Should the agent exploit its current best-known action, or explore alternatives that might be better? Exploiting too early locks in suboptimal behaviour; exploring too long wastes time on known-bad options. From multi-armed bandits and control theory — the foundational decision-making dilemma in RL.

You’re in a new city choosing restaurants. You found a decent place on day 1. Do you keep going there (exploit), or try somewhere new (explore)? If you only exploit, you’ll never find the amazing place around the corner. If you only explore, you’ll eat badly most nights even though you already know a good option. The optimal strategy depends on how long you’re staying: a one-week visit favours exploitation; a one-year stay rewards exploration.
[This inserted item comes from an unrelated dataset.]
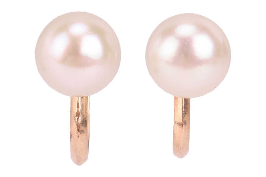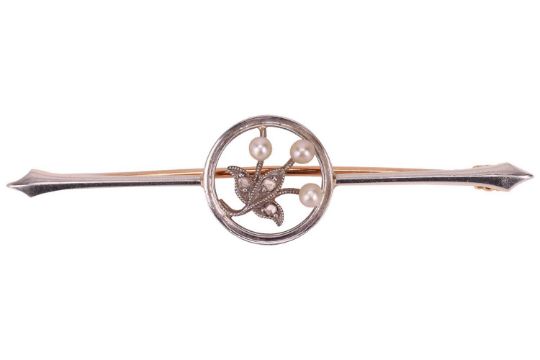 A seed pearl and diamond-set bar brooch, of foliate design, to pin and C clasp fitting, the reverse marked '15ct' and 'Plat'; with two pairs of cultured pearl earrings, both with screw backs marked '9ct' and '14K'; Total weight 7.5 grams
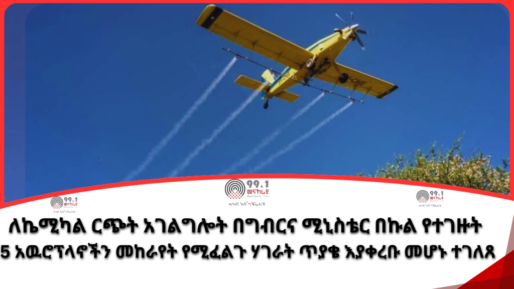 ታኅሳስ 10 ቀን 2017(መናኸሪያ ሬዲዮ) በቅርቡ ለኬሚካል ርጭት አገልግሎት የሚውሉ 5 የአውሮፕላን ግዢ መፈፀሙን ሚኒስቴር መስሪያ ቤቱ ያስታወቀ ሲሆን 10 ሚሊየን ዶላር ወጪ ስለማውጣታቸውም በወቅቱ ይፋ አድርጓል ፡፡

The problem is that exploration has uncertain, delayed payoff — you might try 5 bad restaurants before finding a great one, and you can’t know in advance which exploration will pay off. Exploitation has immediate, known payoff. Humans and agents both have a bias toward exploitation because the reward is tangible and immediate.

In deep RL, the problem is compounded by the function approximator: the agent’s value estimates for unexplored actions are unreliable, so it can’t even accurately judge whether exploration is likely to be worthwhile. It has to explore partly to learn which actions are worth exploring.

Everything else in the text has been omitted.